■ **PROBLEM REQUIREMENTS**
Output the listing exactly as written, apart from its pictures.

■ **DATA IN THIS EXERCISE**

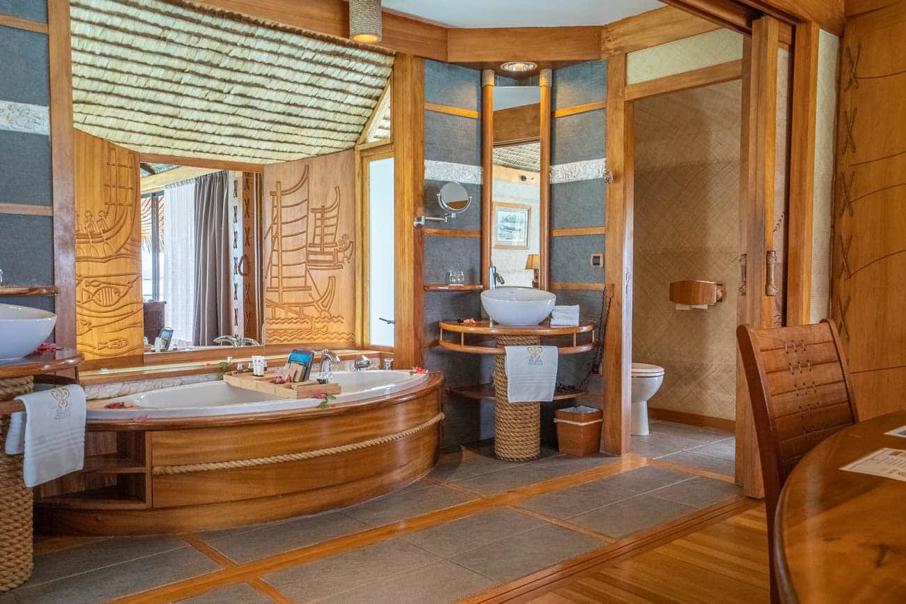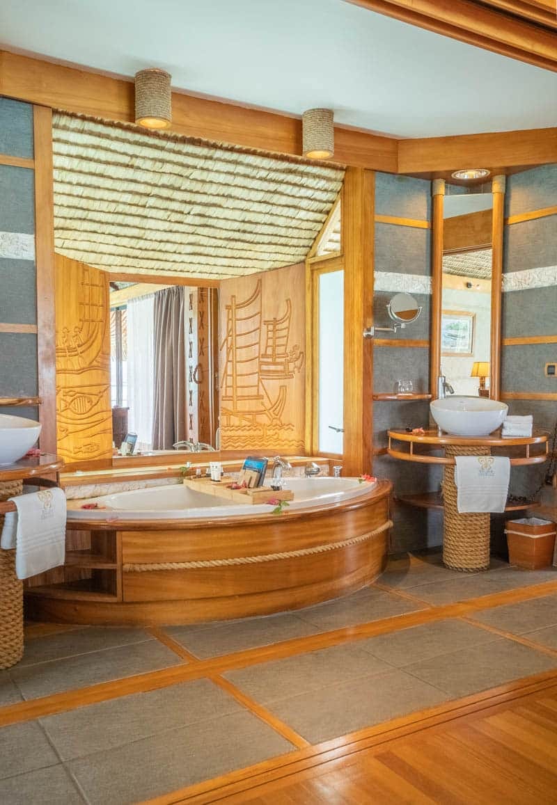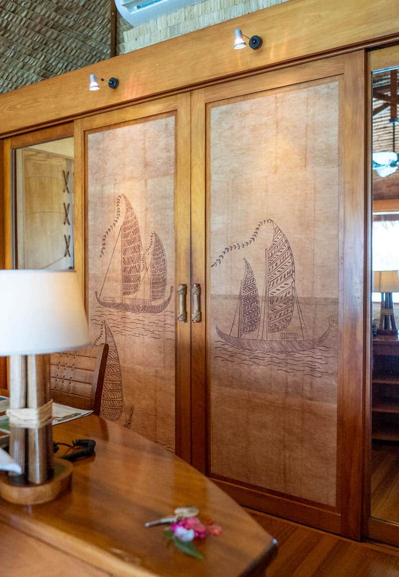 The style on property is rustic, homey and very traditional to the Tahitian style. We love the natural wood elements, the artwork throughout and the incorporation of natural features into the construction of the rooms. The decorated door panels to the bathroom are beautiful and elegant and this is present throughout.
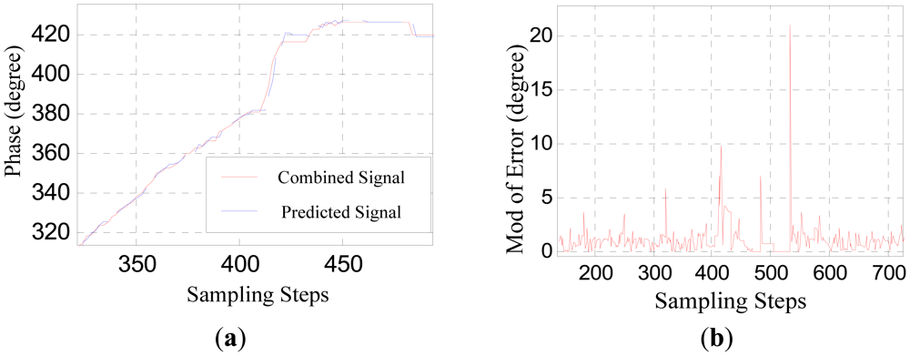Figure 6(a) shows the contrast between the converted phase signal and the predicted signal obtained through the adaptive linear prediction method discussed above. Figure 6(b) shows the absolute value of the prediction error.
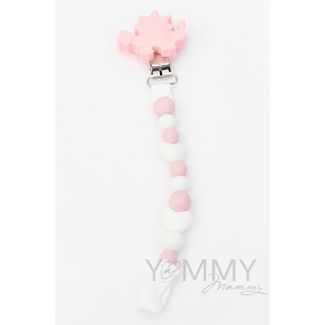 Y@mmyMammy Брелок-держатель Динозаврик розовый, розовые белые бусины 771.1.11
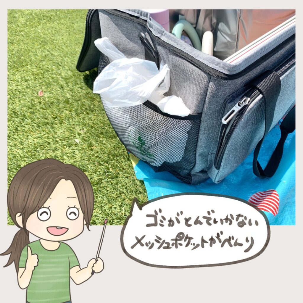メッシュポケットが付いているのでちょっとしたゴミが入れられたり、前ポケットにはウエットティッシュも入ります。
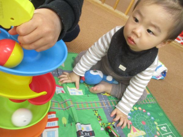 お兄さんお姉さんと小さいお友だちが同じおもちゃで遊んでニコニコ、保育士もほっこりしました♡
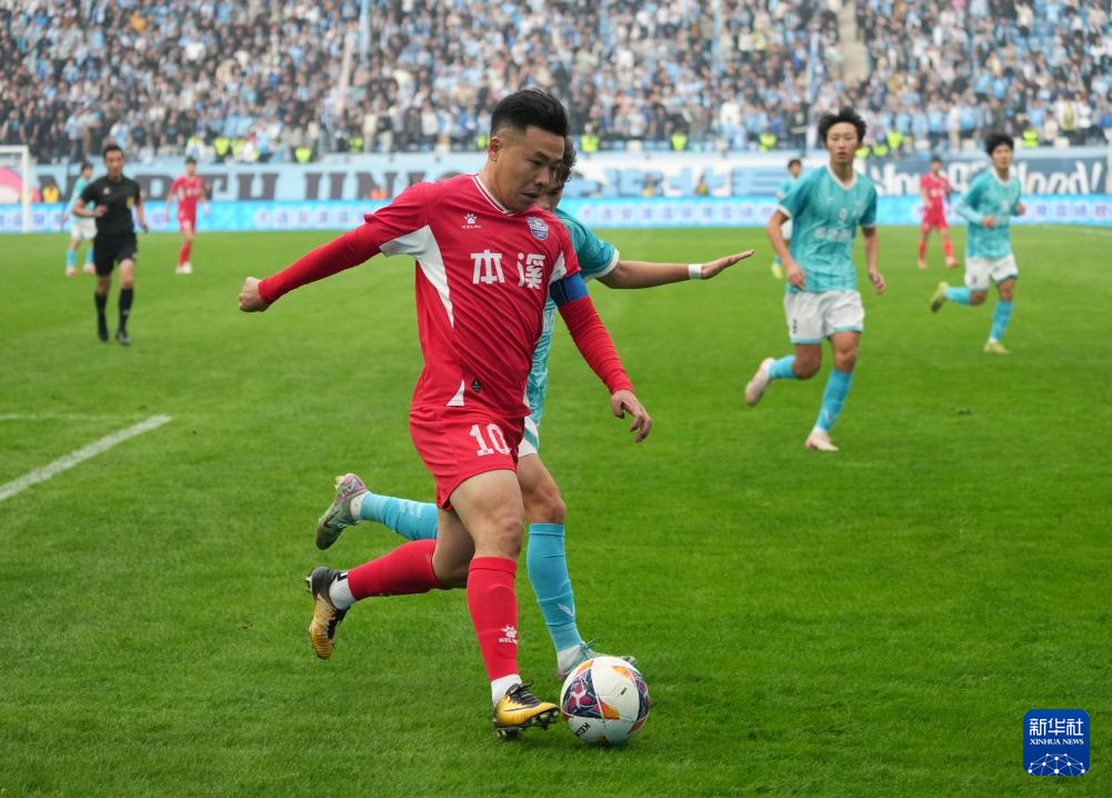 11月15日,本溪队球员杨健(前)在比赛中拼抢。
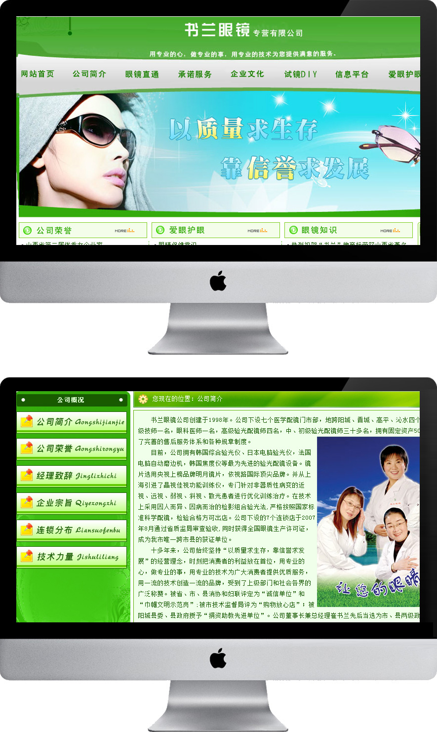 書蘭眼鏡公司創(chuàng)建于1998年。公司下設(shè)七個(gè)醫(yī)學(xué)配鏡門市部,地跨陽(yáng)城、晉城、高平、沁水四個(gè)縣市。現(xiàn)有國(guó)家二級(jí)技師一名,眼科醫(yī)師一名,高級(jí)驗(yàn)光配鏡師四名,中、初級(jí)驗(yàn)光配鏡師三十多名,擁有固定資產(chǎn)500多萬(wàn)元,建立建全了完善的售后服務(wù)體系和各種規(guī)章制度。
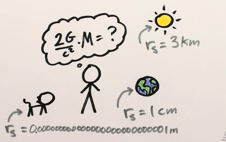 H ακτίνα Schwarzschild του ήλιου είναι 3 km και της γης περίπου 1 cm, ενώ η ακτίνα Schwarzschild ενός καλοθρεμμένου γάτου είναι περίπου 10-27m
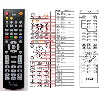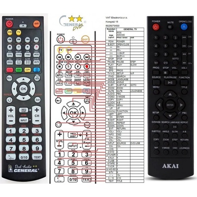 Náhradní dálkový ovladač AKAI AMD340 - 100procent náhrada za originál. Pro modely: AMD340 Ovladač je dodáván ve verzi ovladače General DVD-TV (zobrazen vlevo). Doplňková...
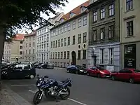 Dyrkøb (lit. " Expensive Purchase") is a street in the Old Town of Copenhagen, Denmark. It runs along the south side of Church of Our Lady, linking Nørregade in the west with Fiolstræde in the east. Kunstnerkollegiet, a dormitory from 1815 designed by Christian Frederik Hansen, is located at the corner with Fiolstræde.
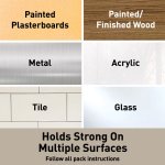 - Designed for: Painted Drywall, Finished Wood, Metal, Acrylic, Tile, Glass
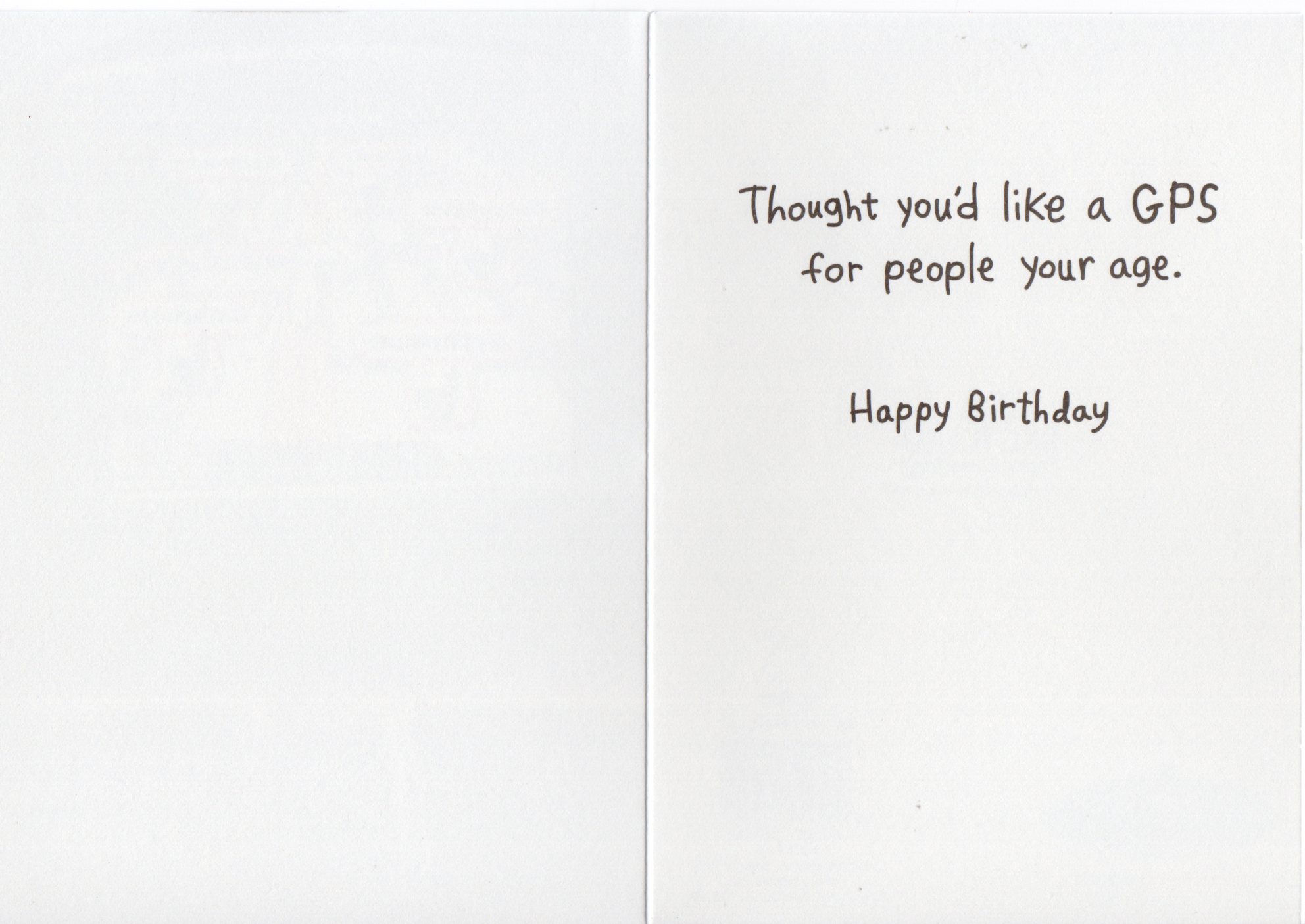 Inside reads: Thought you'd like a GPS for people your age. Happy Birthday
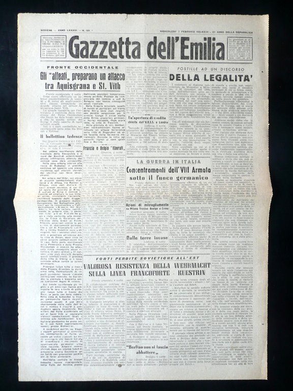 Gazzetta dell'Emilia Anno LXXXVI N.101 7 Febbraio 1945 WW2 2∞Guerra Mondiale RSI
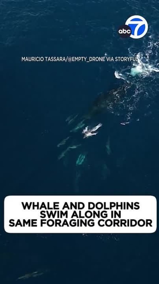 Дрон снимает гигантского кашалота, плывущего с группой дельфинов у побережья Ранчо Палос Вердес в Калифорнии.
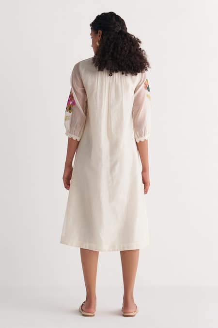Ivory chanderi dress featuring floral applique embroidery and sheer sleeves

■ **RESPONSE TO THE TASK**
 The style on property is rustic, homey and very traditional to the Tahitian style. We love the natural wood elements, the artwork throughout and the incorporation of natural features into the construction of the rooms. The decorated door panels to the bathroom are beautiful and elegant and this is present throughout.
Figure 6(a) shows the contrast between the converted phase signal and the predicted signal obtained through the adaptive linear prediction method discussed above. Figure 6(b) shows the absolute value of the prediction error.
 Y@mmyMammy Брелок-держатель Динозаврик розовый, розовые белые бусины 771.1.11
メッシュポケットが付いているのでちょっとしたゴミが入れられたり、前ポケットにはウエットティッシュも入ります。
 お兄さんお姉さんと小さいお友だちが同じおもちゃで遊んでニコニコ、保育士もほっこりしました♡
 11月15日,本溪队球员杨健(前)在比赛中拼抢。
 書蘭眼鏡公司創(chuàng)建于1998年。公司下設(shè)七個(gè)醫(yī)學(xué)配鏡門市部,地跨陽(yáng)城、晉城、高平、沁水四個(gè)縣市。現(xiàn)有國(guó)家二級(jí)技師一名,眼科醫(yī)師一名,高級(jí)驗(yàn)光配鏡師四名,中、初級(jí)驗(yàn)光配鏡師三十多名,擁有固定資產(chǎn)500多萬(wàn)元,建立建全了完善的售后服務(wù)體系和各種規(guī)章制度。
 H ακτίνα Schwarzschild του ήλιου είναι 3 km και της γης περίπου 1 cm, ενώ η ακτίνα Schwarzschild ενός καλοθρεμμένου γάτου είναι περίπου 10-27m
 Náhradní dálkový ovladač AKAI AMD340 - 100procent náhrada za originál. Pro modely: AMD340 Ovladač je dodáván ve verzi ovladače General DVD-TV (zobrazen vlevo). Doplňková...
 Dyrkøb (lit. " Expensive Purchase") is a street in the Old Town of Copenhagen, Denmark. It runs along the south side of Church of Our Lady, linking Nørregade in the west with Fiolstræde in the east. Kunstnerkollegiet, a dormitory from 1815 designed by Christian Frederik Hansen, is located at the corner with Fiolstræde.
 - Designed for: Painted Drywall, Finished Wood, Metal, Acrylic, Tile, Glass
 Inside reads: Thought you'd like a GPS for people your age. Happy Birthday
 Gazzetta dell'Emilia Anno LXXXVI N.101 7 Febbraio 1945 WW2 2∞Guerra Mondiale RSI
 Дрон снимает гигантского кашалота, плывущего с группой дельфинов у побережья Ранчо Палос Вердес в Калифорнии.
Ivory chanderi dress featuring floral applique embroidery and sheer sleeves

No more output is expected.